Jim Baker, the Private Equity Stakeholder Project's executive director, told the Financial Times that Blackstone's status as one of the country's biggest landlords means its actions resonate widely.
"Given Blackstone's massive role in the housing market, the firm's recent move evicting tenants threatens housing stability for families in the US and around the world," he said.
Blackstone owns more than $326 million worth of real estate across the country. About one-fifth of those holdings are tied up in an investment vehicle known as the Blackstone Real Estate Investment Trust, or BREIT. Over half of BREIT's $69 billion portfolio is made up of rental housing, and 97% of those holdings are in the US.
Blackstone's head of real estate for the Americas, Nadeem Meghji, told employees in an internal company call in December that Blackstone was "seeing a meaningful increase in economic occupancy as we move past what were voluntary eviction restrictions."
Meghji added that Blackstone was predicting high-single-digit growth for rents in its student-housing and affordable-housing holdings in 2023.
(Excerpt) Read more at msn.com ...
A Blackstone representative told Insider the company had “the most favorable resident policies among any large landlord in the US.”
The representative said the firm waived late fees, provided more flexibility for tenants to cancel their leases, offered rental assistance, and allowed tenants to enter payment plans if they were behind on rent — policies that went further than the requirements of the moratoriums that prevented landlords from evicting their tenants during the pandemic. The federal moratorium ended in August 2021, but Blackstone’s tenant-relief efforts continued well into 2022.
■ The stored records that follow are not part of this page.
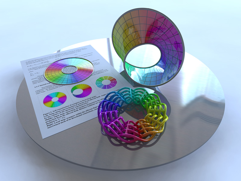 The following was created as a presentation form of the same geometry. It is rendered using radiosity (MegaPov), the lighting is defined by a HDR lighting environment of the staff tearoom (there are no other light sources). Additionally the result of the rendering was saved as a HDR image file (Radiance format) allowing exposure changes and filtering to be applied in post production without the usual artefacts that one encounters when using a limited 8 bits per r,g,b colour space. The page in the scene is how the diagram in figure 1 appeared in the draft version of the published paper. The final image was rendered at 6400 x 4800 pixels for a high resolution photographic print.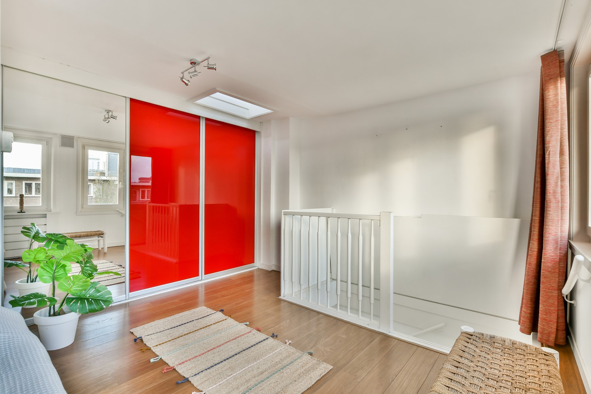 Op de bovenste verdieping ligt een royale, lichte slaapkamer met inbouwkast. Een fijne, rustige plek voor wie privacy zoekt of veel thuiswerkt.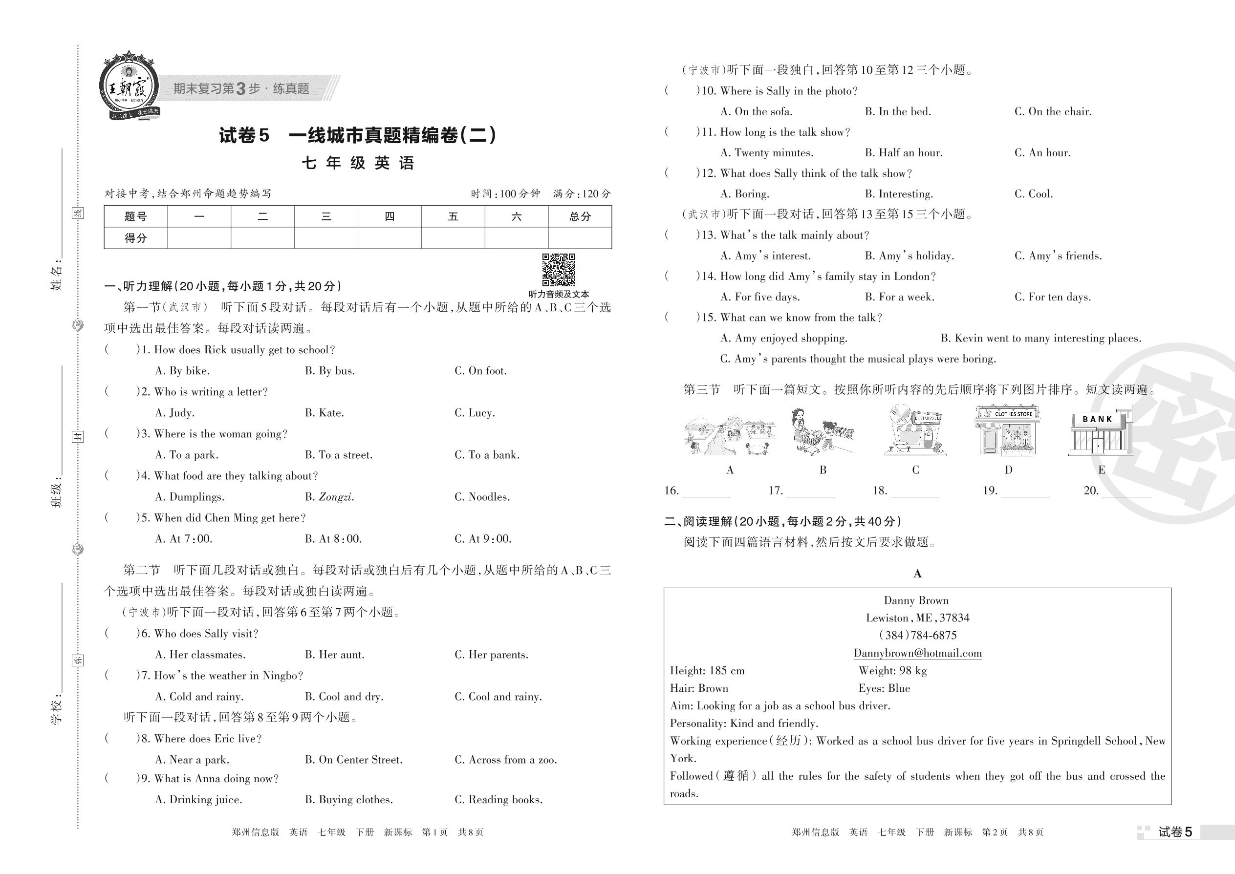 一线城市真题精编卷(二)七年级下册英语(新课标版)【5】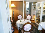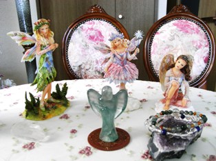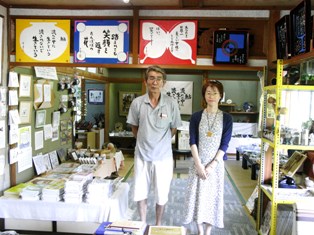 風が風鈴と木々と小鳥を通して入って来ます。室内にはたくさんの詩や絵や陶芸、さげもん等たくさん展示販売されて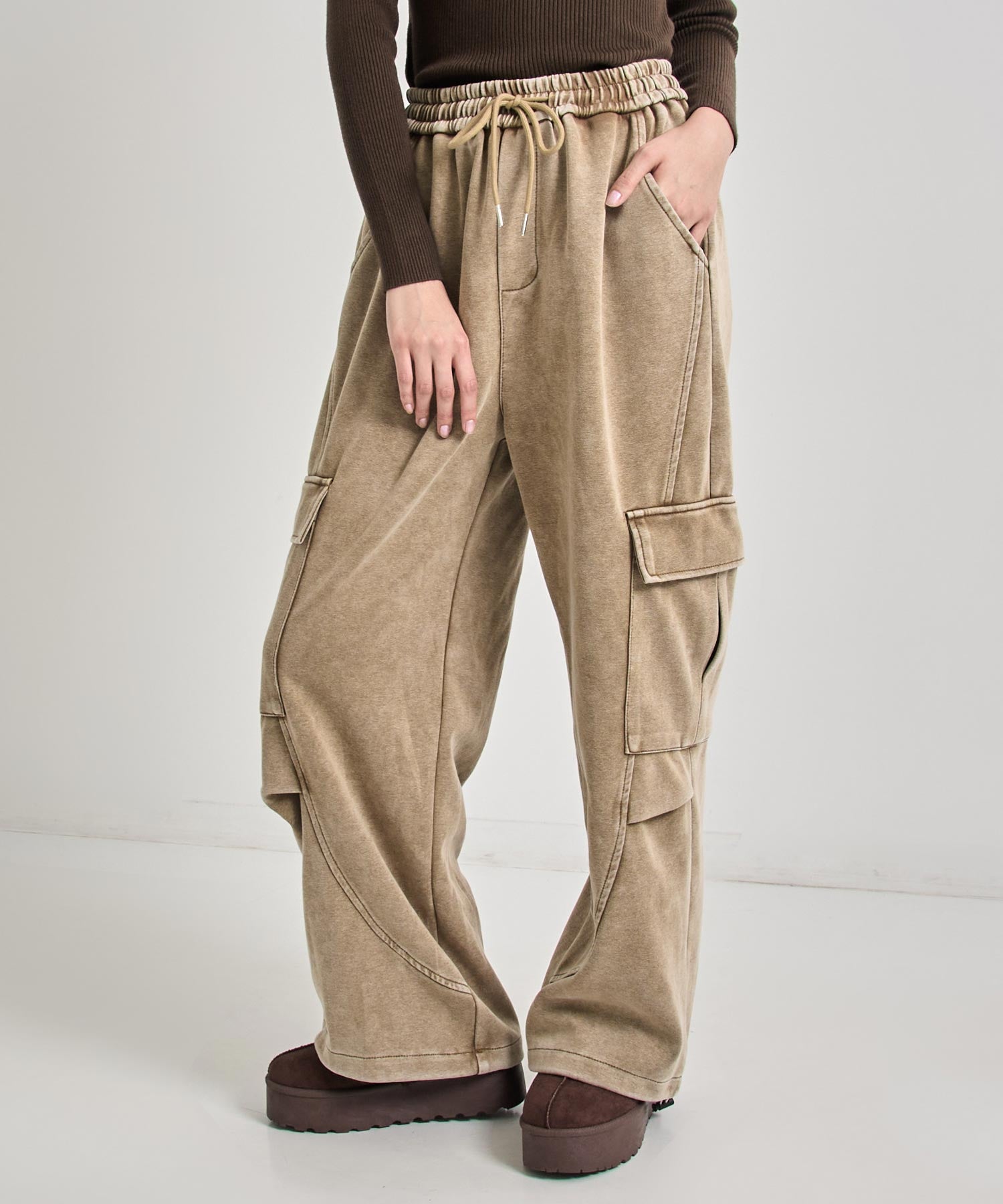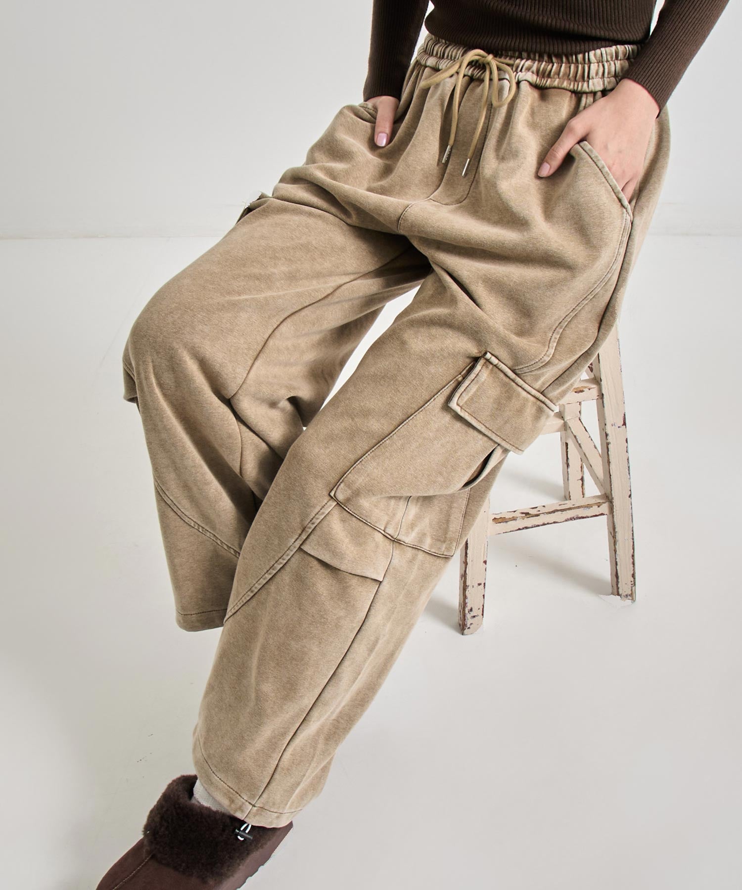 ウォッシュ加工の風合いがこなれ感を引き出すスウェットカーゴパンツ。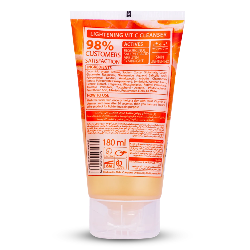 ژل شستشو روشنکننده حاوی ویتامین سی تراست به خاطر داشتن مواد مؤثره ویتامین سی، رزورسینول، سالیسیلیک اسید، آربوتین و سیم برایت، پوست را روشن و شاداب ساخته و از آن محافظت میکند. همچنین این محصول یک پاککننده ملایم و عمیق منافذ پوستی بوده و پوست را از آلودگیهای سطحی پاکسازی کرده و میزان pH پوست را تنظیم میکند.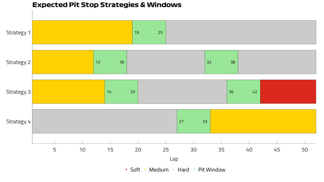 При тази стратегия се изисква старт със средно твърдата смес и преминаване към твърдата между обиколки 19 и 25. Алтернативно може да се заложи на по-дълга първа серия с твърдите гуми и преминаване към средно твърдите между обиколки 27 и 33. Разбира се, вариантът за по-агресивна стратегия с два бокса си остава, а тук възможностите са две – средно твърди, твърди и твърди гуми с прозорци за спиране 12-18 и 32-38 обиколка, или финален стинт с меките гуми и малко по-късни спирания в бокса.
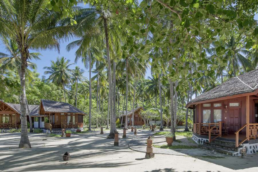 Unter den Schatten spendenden Palmen liegen 30 Bungalows, gefertigt aus lokalen Materialien.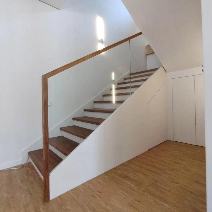 соответствует картинке, но вы не ограничены в его выборе. Лестницу можно приобрести и без ограждения, и с любым другим. Устанавливать на такую лестницу можно почти всё, начиная от классических деревянных балясин и заканчивая эксклюзивными коваными изделиями.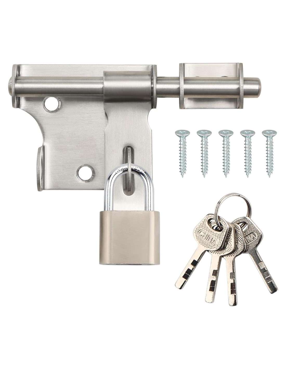 - Tamaño Grande y Diseño de Alta Resistencia 11.81 cm * 6.81 cm (L*W), El peso: 180 g, varilla de pestillo de acero inoxidable sólido de 10 mm, cuerpo de pestillo de metal engrosado, moldeado en una sola pieza sin soldadura, diseño de alta resistencia y robusto, aumenta considerablemente la seguridad. El paquete incluye: 1x Pestillo y 5 x Tornillos, 1 x Candado y Llaves; Por favor, verifica antes de comprar si las dimensiones cumplen con tus necesidades.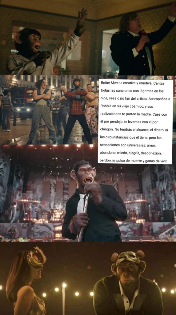 Better Man es creativa y emotiva. Cantas todas las canciones con lágrimas en los ojos, seas o no fan del artista. Acompañas a Robbie en su viaje cósmico, y sus realizaciones te parten la madre. Caes con él por pendejo, te levantas con él por chingón. No tendrás el alcance, el dinero, ni las circunstancias que él tiene, pero las sensaciones son universales: amor, abandono, miedo, alegría, desconexión, perdón, impulso de muerte y ganas de vivir.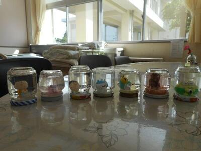 「保健委員会では、ストレス解消を目指し、癒やしのアイテムとしてスノードームを作りました。各学年のトイレの水道に設置しますので、大切に扱って癒やされてください。」と全校生徒に伝えていました。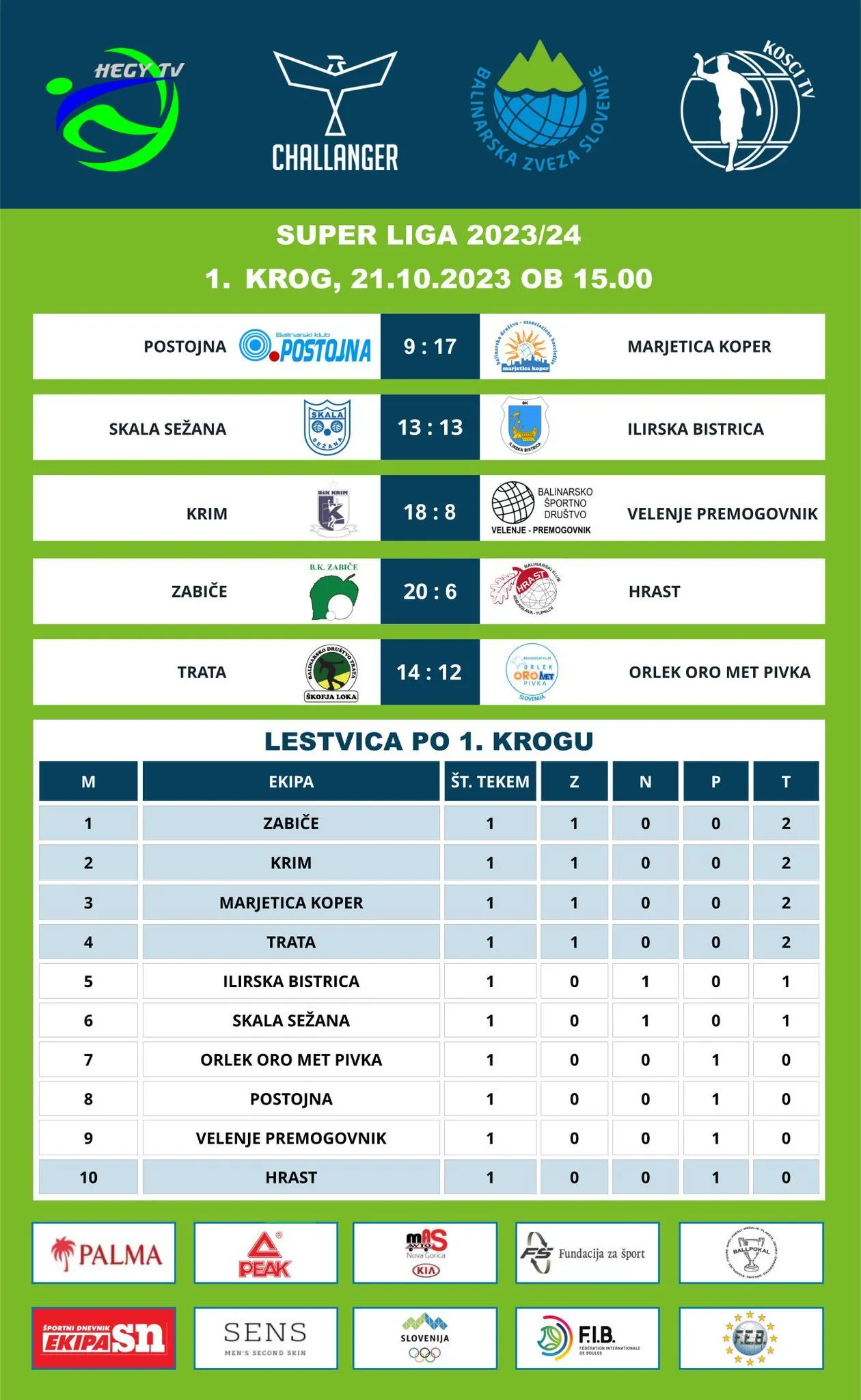 Rezultate lahko spremljate že med potekom tekme preko naše strani Tekmovanja, kjer vas v podrobnostih čaka povezava do zapisnikov.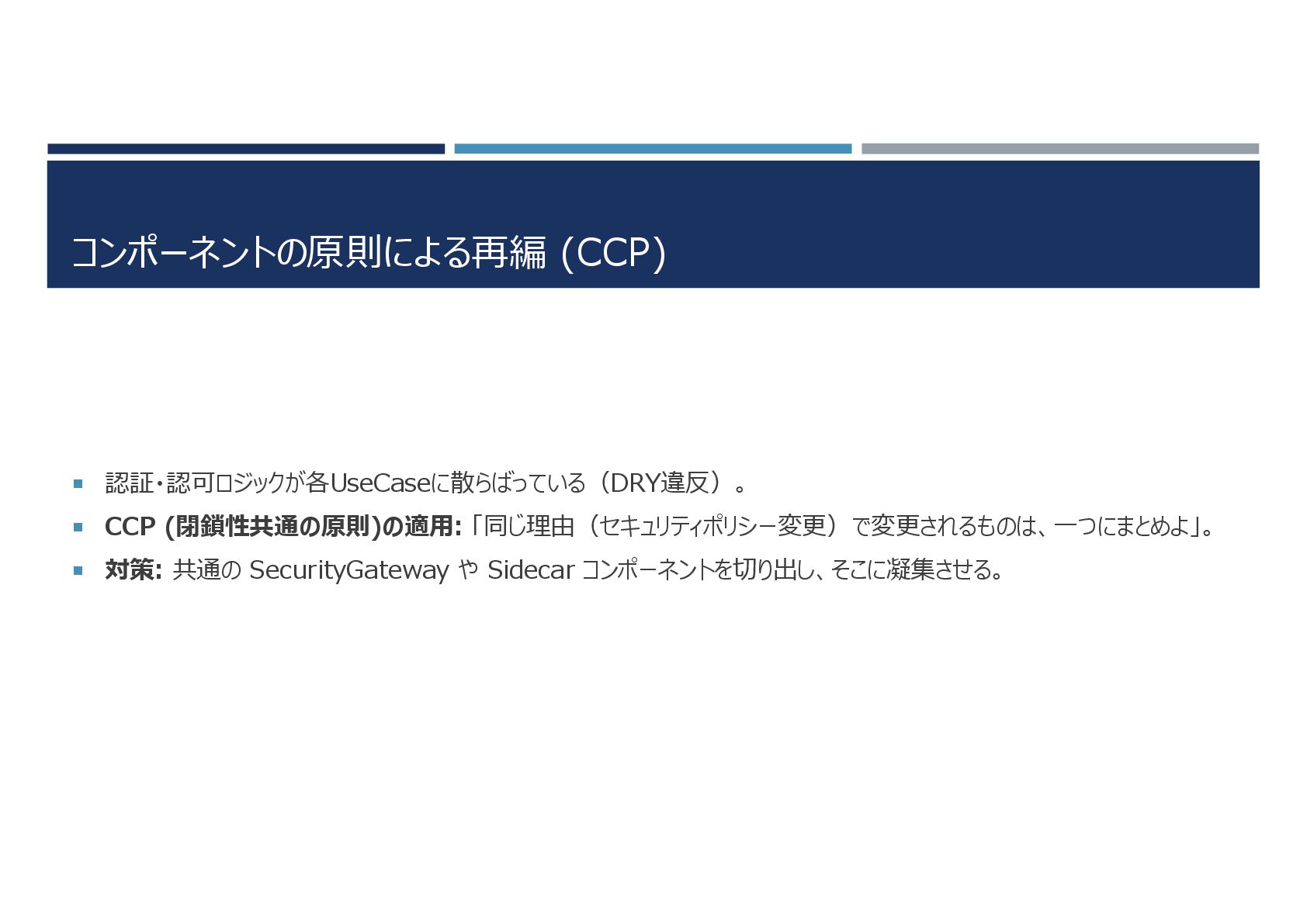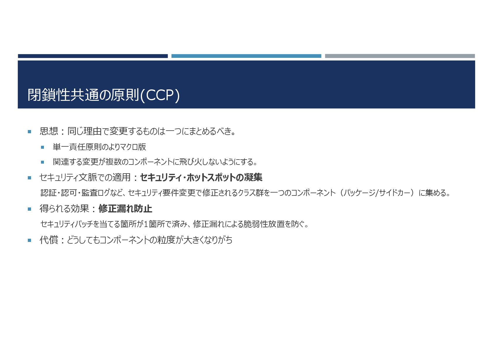 閉鎖性共通の原則(CCP) 思想:同じ理由で変更するものは一つにまとめるべき。 単一責任原則のよりマクロ版 関連する変更が複数のコンポーネントに飛び火しないようにする。 セキュリティ文脈での適用:セキュリティ・ホットスポットの凝集 認証・認可・監査ログなど、セキュリティ要件変更で修正されるクラス群を一つのコンポーネント(パッケージ/サイドカー)に集める。

“Eviction is always a last resort,” the representative said.
Give some “renters” an inch and they take a mile.
I would not be surprised if they gave free rent to the illegals.
The massive REITS create insane volatility in the real estate market.
When they start dumping properties en masse—most likely to happen in 2023—watch out below...
“You’ll own nothing and be homeless.” (WEF/Blackstone)
To be fair to Blackstone, there are a lot of people who took advantage of covid eviction restrictions and didn’t pay their rent in all this time, so Blackstone is missing out on upwards of three years of rent from many of their clients.
True or not? I don’t know. Any Freepers seen any Blackie evictions? As far as I know their massive buying of single-family houses all over the warm and so called sand states. This vast investment has gone down in net worth.
2008 all over again?
“2008...again”
On the one hand the economy has much more fraud in the system than 2008...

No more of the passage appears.